* **EXERCISE REQUIREMENTS**
Each entry below needs to be transcribed verbatim; the images should not appear.

[Stored data]
****************
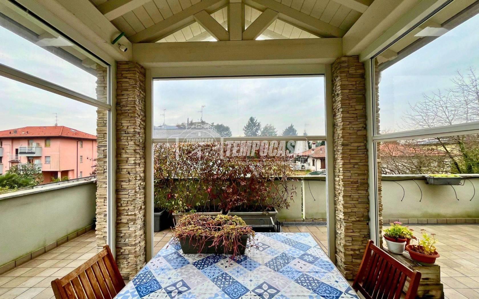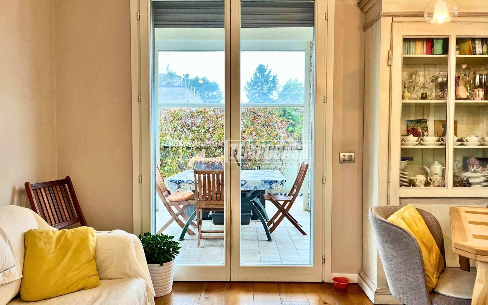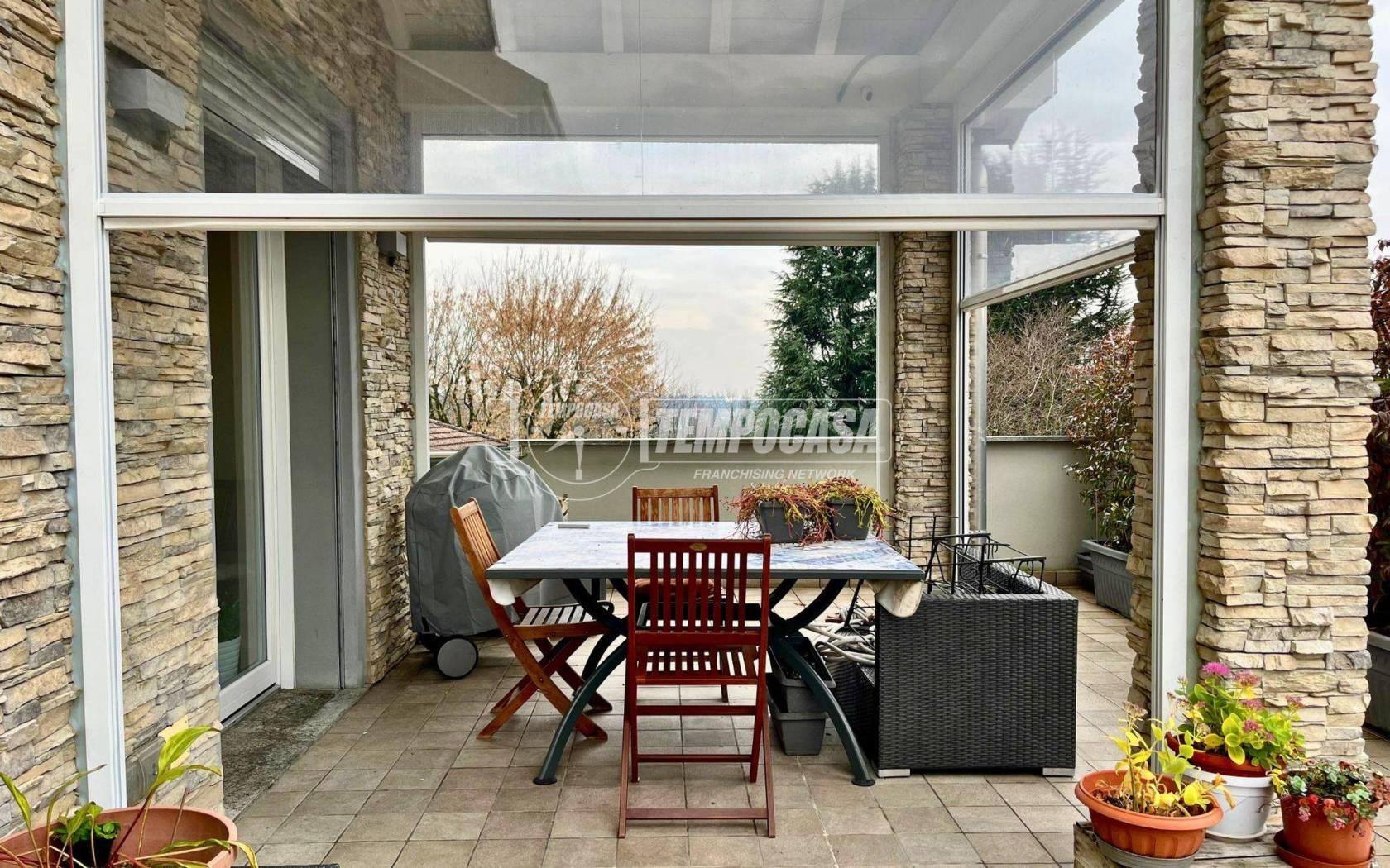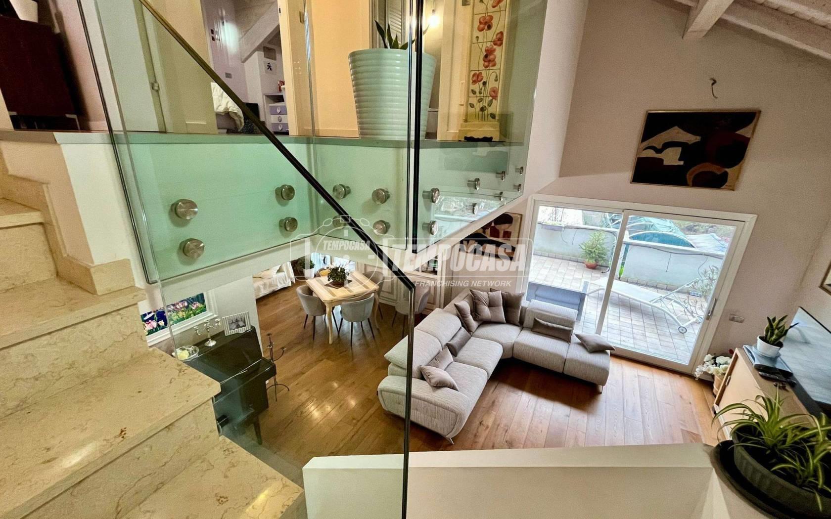 Al primo piano si sviluppa la zona giorno, composta da un ampio e luminoso soggiorno con grande portafinestra che si apre su un meraviglioso terrazzo, ideale per momenti di relax all’aperto. La zona pranzo e la cucina abitabile — con finestra affacciata sul verde — sono disposte in modo aperto, ma visivamente separate dall’area living, per garantire funzionalità. Una seconda portafinestra conduce alla veranda del terrazzo: uno spazio esterno che si affaccia su tre lati, sfruttabile tutto l’anno grazie a chiusure in tende trasparenti. Sempre su questo livello troviamo una camera da letto e un grande bagno, quest'ultimo con affaccio diretto al terrazzo
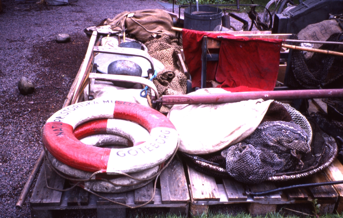 'Leonard Axel Jägerskiölds material och redskap: :: Samling av redskap använda under Jägerskiölds marina inventeringar. Marina undersökningar. Livboj. :: :: Ingår i serie med fotonr. 6950:1-14.'
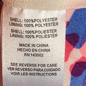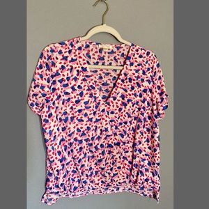 White, pink, and blue blouse that crosses across the front and banded at bottom. Rolled sleeves
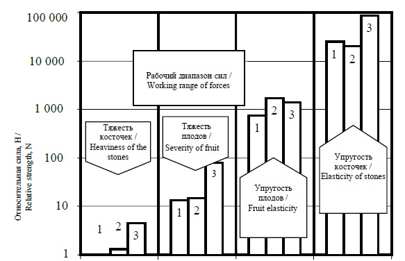 Установлено, что исследуемые величины сил отличаются друг от друга в 100 000 раз. Определен рабочий диапазон сил, который реализуется в дробилке. Он должен быть больше предела упругости плодов, чтобы измельчить мякоть, и меньше предела упругих деформаций косточек, чтобы сохранить косточки целыми. Из рисунка 4 видно, что при анализе процесса измельчения мякоти плодов зизифуса силами тяжести плодов и косточек можно пренебречь.
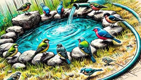 As I stood in the heat of the afternoon sun, I watched the green garden hose spill its life-giving water into the rock garden. The steady flow had transformed the dry, cracked earth into a vibrant oasis, creating a small pond that shimmered like a jewel amidst the parched landscape. The air was filled with
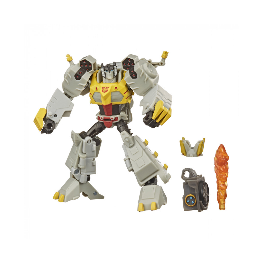 Герой мультсеріалу «Transformers: Cyberverse» Робот Transformers Cyberverse Deluxe Grimlock готовий до нових пригод в Кібервсесвіті. Трансформуйте робота в вогнедишного динозавра за 28 кроків, і останній крок трансформації активує фірмовий удар персонажа. Удар легко повторити знову і знову. Гра з персонажем мультсеріалу познайомить і зацікавить дитину світом Трансформерів, надихне її на створення власних історій з багатофункціональним роботом.
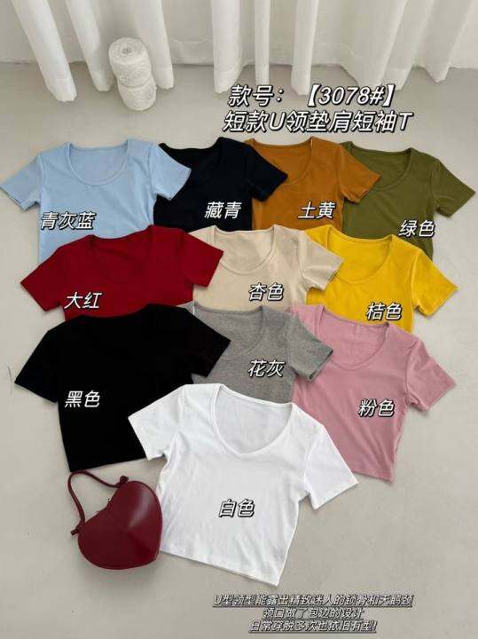 元熙3078正肩短袖上衣女夏季2025新款爆款U领百搭修身显瘦垫肩T恤
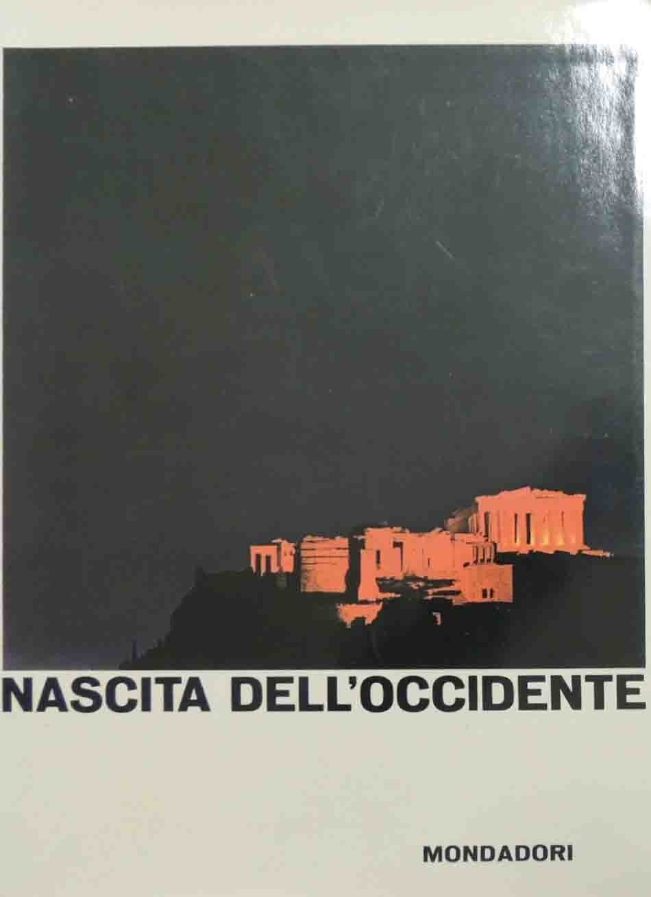 Nascita dell’Occidente. Grecia e Roma, testi di George Huxley et al., a cura di Michael Grant, traduzioni di Giuseppe Maria Cavalca, Augusta Mattioli, Annamaria Valente, Arnoldo Mondadori Editore, s.l. (ma stampato per la parte a colori in Germania, a Colonia, presso la DuMont Presse, per il resto in Italia, a Verona, presso le Officine Grafiche Veronesi della Arnoldo Mondadori Editore) 1964, prima ed., pp. 358, ill. b.n. e col. con ill. b.n. nel testo e col. su tavole, 5 c. di tavv. rip. comprese nel testo, legatura in tutta tela con titoli al dorso, decorazione al piatto e sovraccoperta. Testo stampato su carta azzurrina con ill. b.n. nel testo intervallato da tavole con ill. a colori. Testi di: George Huxley, A. R. Burn, H. C. Baldry, W. K. C. Guthrie, John Boardman, F. R. Cowell, R. A. G. Carson, Michael Grant, Sir Mortimer Wheeler, Michael Gough. Ideato e prodotto da Thames and Hudson. Capo redattore Max Parrish. Redazione di Ian Sutton e Mary bainbridge. Direzione artistica di Ian Mackenzie Kerr. Ricerche di R. Davidson-Houston e Susannah Plowright. Sovraccoperta di anita Klinz. Ricostruzioni di Alan Sorrell e William Suddaby. Cartine di John Woodcock. Piante e disegni di P. P. Pratt, Philip R. Ward, M. E. Weaver e Jon Wilsher. Fotografie di John R. Freeman, Josephine Powell, Edwin Smith, John Webb e Roger Wood. Indice: Michael Grant, Introduzione. La tradizione che ci domina – George Huxley, La genesi della Grecia. La storia che ispirò Omero – A. R. Burn, La nascita di un nuovo mondo. La lotta della città-Stato – H. C. Baldry, La voce della Grecia. La prima grande letteratura e il suo contesto vivente – W. K. C. Guthrie, La rivoluzione del pensiero. I vecchi dèi e la nuova ragione – John Boardman, La sublime impresa. Le arti figurative e l’architettura della Grecia – F. R. Cowell, La vita nell’antichità. La vita quotidiana in Grecia e a Roma – R. A. G. carson, Una città che abbraccia il mondo. Dai Sette Colli del Tevere al dominio sul mondo – Michael Grant, Poesia, prosa e retorica. La letteratura latina – Sir Mortimer Wheeler, Dalla visione all’introspezione. Le arti figurative e l’architettura di un impero universale – Michael Gough, Verso la città di Dio. Un ponte di fede dal mondo classico a quello medievale – Bibliografia essenziale – Cronologia della storia greca – Cronologia della storia romana – Elenco e fonti delle illustrazioni – Indice analitico. Uno strappetto alla sovraccoperta, per il resto perfetto.
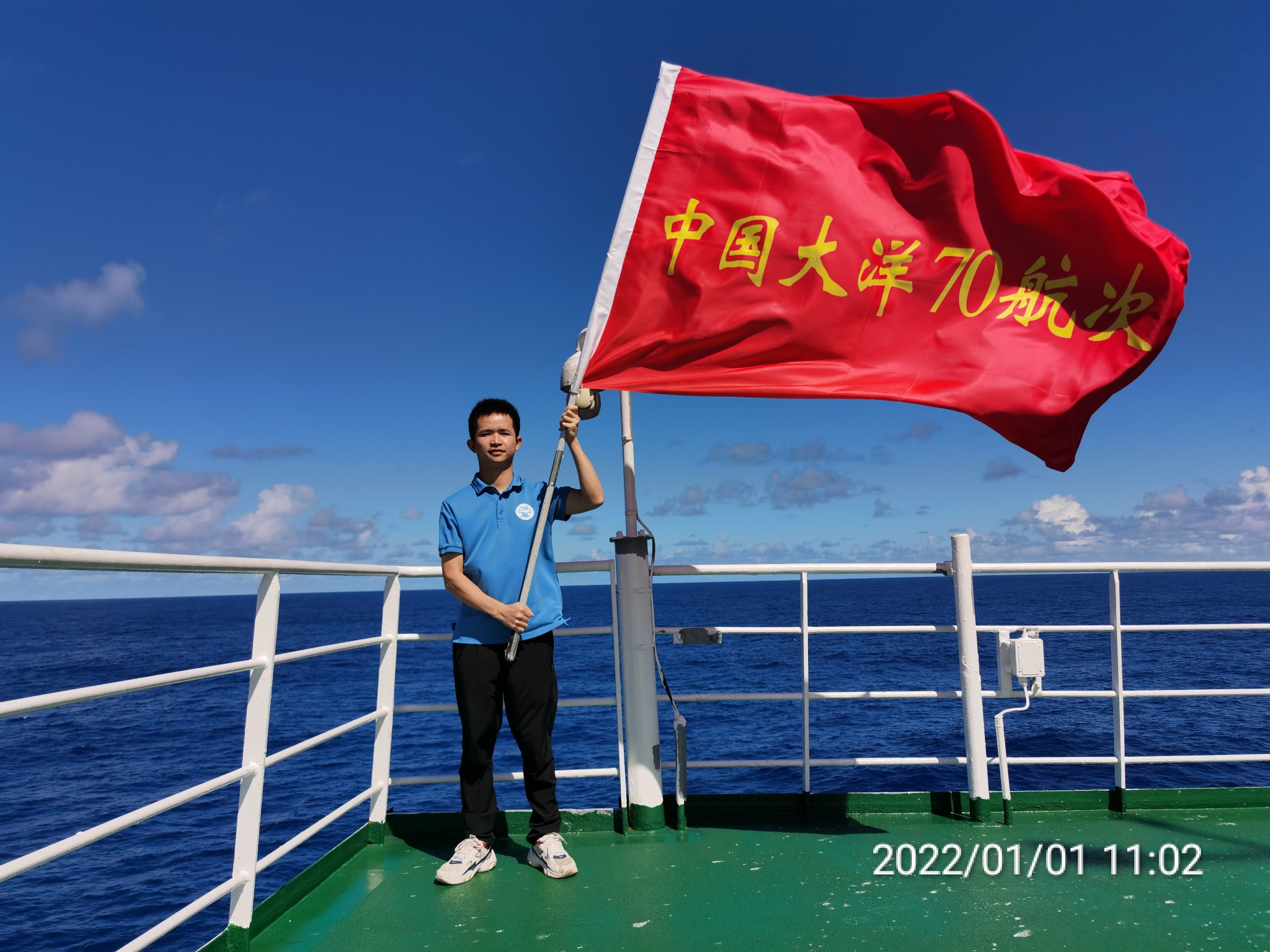 陆旋在攻读硕博期间参加中国大洋70航次,在太平洋上留影
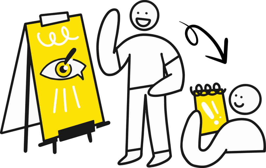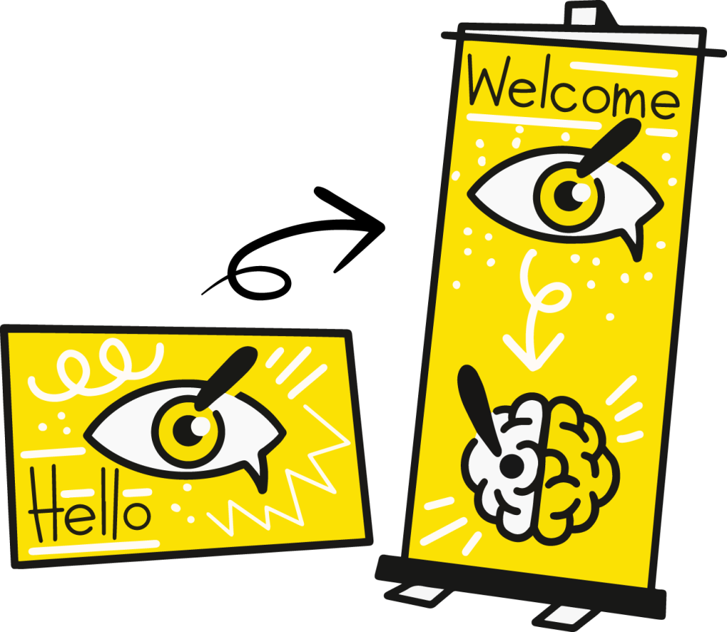 Presentaciones, tarjetas, roll-ups, foam o posters. Envianos el contenido y recibe una ilustración completa de lo que necesites a cualquier tamaño.
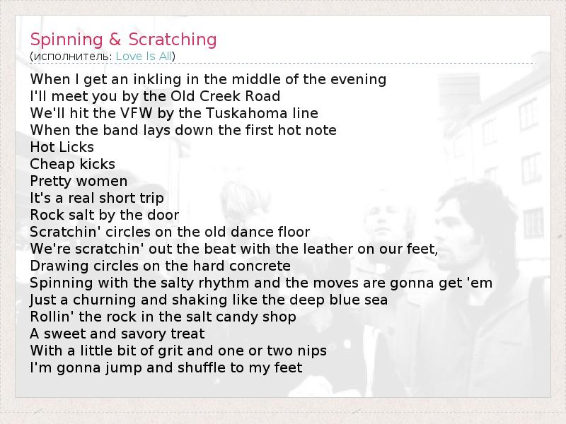 А как ты думаешь, о чем песня "Spinning & Scratching" ?
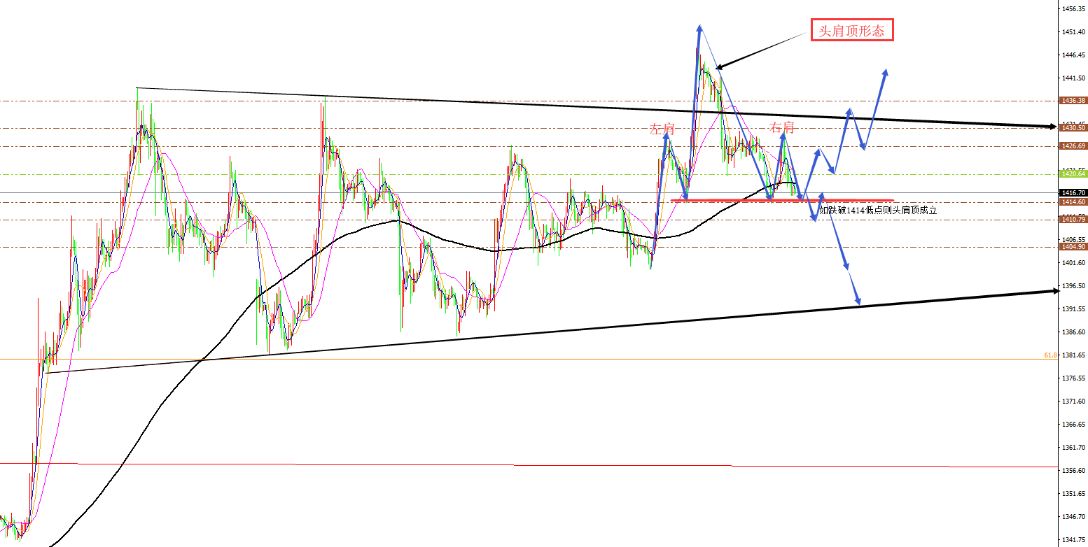 黄金分析策略: 方向:震荡 目标:1426、1430/1414、1400 阻力:1426-1430-1438 支撑: 1414-1403-1396 小区间:1414-1426 大区间:1396-1438 今日操作:短线高空辅助,中线低多为主。 如果没有规则,金融大鳄进来之后,一定是以大欺小、以强欺弱。如果你是池塘里的一只鸭子,由于暴雨的缘故水面上升,你开始在水的世界之中上福但此时你却以为上浮的是你自己,而不是池塘。如果市场总是有效的,我只会成为一个在大街上手拎马口铁罐的流浪汉。生机总在绝望时出现,当你忍无可忍时再忍五分钟;当你想放弃时,再试一次吧!市场就像上帝一样,帮助那些自己帮
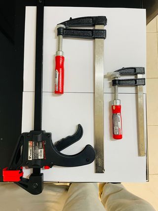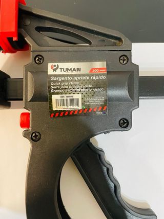 Set de 3 sargentos de apriete rápido de la marca TUMAN. Ideales para trabajos de carpintería o bricolaje. - Mango ergonómico para un agarre cómodo. - Mecanismo de liberación rápida. se ha utilizado solo 1 vez para enderezar el aluminio de un portátil Macbook que y me vino de maravilla, desde entonces no lo he vuelto a utilizar más aunque estas herramientas son ideales para carpintería o Bricolaje y yo la usé para enderezar un portátil 😂 se venden los 3 juntos
****************
* **RESULT FOR THIS TASK**
 Al primo piano si sviluppa la zona giorno, composta da un ampio e luminoso soggiorno con grande portafinestra che si apre su un meraviglioso terrazzo, ideale per momenti di relax all’aperto. La zona pranzo e la cucina abitabile — con finestra affacciata sul verde — sono disposte in modo aperto, ma visivamente separate dall’area living, per garantire funzionalità. Una seconda portafinestra conduce alla veranda del terrazzo: uno spazio esterno che si affaccia su tre lati, sfruttabile tutto l’anno grazie a chiusure in tende trasparenti. Sempre su questo livello troviamo una camera da letto e un grande bagno, quest'ultimo con affaccio diretto al terrazzo
 'Leonard Axel Jägerskiölds material och redskap: :: Samling av redskap använda under Jägerskiölds marina inventeringar. Marina undersökningar. Livboj. :: :: Ingår i serie med fotonr. 6950:1-14.'
 White, pink, and blue blouse that crosses across the front and banded at bottom. Rolled sleeves
 Установлено, что исследуемые величины сил отличаются друг от друга в 100 000 раз. Определен рабочий диапазон сил, который реализуется в дробилке. Он должен быть больше предела упругости плодов, чтобы измельчить мякоть, и меньше предела упругих деформаций косточек, чтобы сохранить косточки целыми. Из рисунка 4 видно, что при анализе процесса измельчения мякоти плодов зизифуса силами тяжести плодов и косточек можно пренебречь.
 As I stood in the heat of the afternoon sun, I watched the green garden hose spill its life-giving water into the rock garden. The steady flow had transformed the dry, cracked earth into a vibrant oasis, creating a small pond that shimmered like a jewel amidst the parched landscape. The air was filled with
 Герой мультсеріалу «Transformers: Cyberverse» Робот Transformers Cyberverse Deluxe Grimlock готовий до нових пригод в Кібервсесвіті. Трансформуйте робота в вогнедишного динозавра за 28 кроків, і останній крок трансформації активує фірмовий удар персонажа. Удар легко повторити знову і знову. Гра з персонажем мультсеріалу познайомить і зацікавить дитину світом Трансформерів, надихне її на створення власних історій з багатофункціональним роботом.
 元熙3078正肩短袖上衣女夏季2025新款爆款U领百搭修身显瘦垫肩T恤
 Nascita dell’Occidente. Grecia e Roma, testi di George Huxley et al., a cura di Michael Grant, traduzioni di Giuseppe Maria Cavalca, Augusta Mattioli, Annamaria Valente, Arnoldo Mondadori Editore, s.l. (ma stampato per la parte a colori in Germania, a Colonia, presso la DuMont Presse, per il resto in Italia, a Verona, presso le Officine Grafiche Veronesi della Arnoldo Mondadori Editore) 1964, prima ed., pp. 358, ill. b.n. e col. con ill. b.n. nel testo e col. su tavole, 5 c. di tavv. rip. comprese nel testo, legatura in tutta tela con titoli al dorso, decorazione al piatto e sovraccoperta. Testo stampato su carta azzurrina con ill. b.n. nel testo intervallato da tavole con ill. a colori. Testi di: George Huxley, A. R. Burn, H. C. Baldry, W. K. C. Guthrie, John Boardman, F. R. Cowell, R. A. G. Carson, Michael Grant, Sir Mortimer Wheeler, Michael Gough. Ideato e prodotto da Thames and Hudson. Capo redattore Max Parrish. Redazione di Ian Sutton e Mary bainbridge. Direzione artistica di Ian Mackenzie Kerr. Ricerche di R. Davidson-Houston e Susannah Plowright. Sovraccoperta di anita Klinz. Ricostruzioni di Alan Sorrell e William Suddaby. Cartine di John Woodcock. Piante e disegni di P. P. Pratt, Philip R. Ward, M. E. Weaver e Jon Wilsher. Fotografie di John R. Freeman, Josephine Powell, Edwin Smith, John Webb e Roger Wood. Indice: Michael Grant, Introduzione. La tradizione che ci domina – George Huxley, La genesi della Grecia. La storia che ispirò Omero – A. R. Burn, La nascita di un nuovo mondo. La lotta della città-Stato – H. C. Baldry, La voce della Grecia. La prima grande letteratura e il suo contesto vivente – W. K. C. Guthrie, La rivoluzione del pensiero. I vecchi dèi e la nuova ragione – John Boardman, La sublime impresa. Le arti figurative e l’architettura della Grecia – F. R. Cowell, La vita nell’antichità. La vita quotidiana in Grecia e a Roma – R. A. G. carson, Una città che abbraccia il mondo. Dai Sette Colli del Tevere al dominio sul mondo – Michael Grant, Poesia, prosa e retorica. La letteratura latina – Sir Mortimer Wheeler, Dalla visione all’introspezione. Le arti figurative e l’architettura di un impero universale – Michael Gough, Verso la città di Dio. Un ponte di fede dal mondo classico a quello medievale – Bibliografia essenziale – Cronologia della storia greca – Cronologia della storia romana – Elenco e fonti delle illustrazioni – Indice analitico. Uno strappetto alla sovraccoperta, per il resto perfetto.
 陆旋在攻读硕博期间参加中国大洋70航次,在太平洋上留影
 Presentaciones, tarjetas, roll-ups, foam o posters. Envianos el contenido y recibe una ilustración completa de lo que necesites a cualquier tamaño.
 А как ты думаешь, о чем песня "Spinning & Scratching" ?
 黄金分析策略: 方向:震荡 目标:1426、1430/1414、1400 阻力:1426-1430-1438 支撑: 1414-1403-1396 小区间:1414-1426 大区间:1396-1438 今日操作:短线高空辅助,中线低多为主。 如果没有规则,金融大鳄进来之后,一定是以大欺小、以强欺弱。如果你是池塘里的一只鸭子,由于暴雨的缘故水面上升,你开始在水的世界之中上福但此时你却以为上浮的是你自己,而不是池塘。如果市场总是有效的,我只会成为一个在大街上手拎马口铁罐的流浪汉。生机总在绝望时出现,当你忍无可忍时再忍五分钟;当你想放弃时,再试一次吧!市场就像上帝一样,帮助那些自己帮
 Set de 3 sargentos de apriete rápido de la marca TUMAN. Ideales para trabajos de carpintería o bricolaje. - Mango ergonómico para un agarre cómodo. - Mecanismo de liberación rápida. se ha utilizado solo 1 vez para enderezar el aluminio de un portátil Macbook que y me vino de maravilla, desde entonces no lo he vuelto a utilizar más aunque estas herramientas son ideales para carpintería o Bricolaje y yo la usé para enderezar un portátil 😂 se venden los 3 juntos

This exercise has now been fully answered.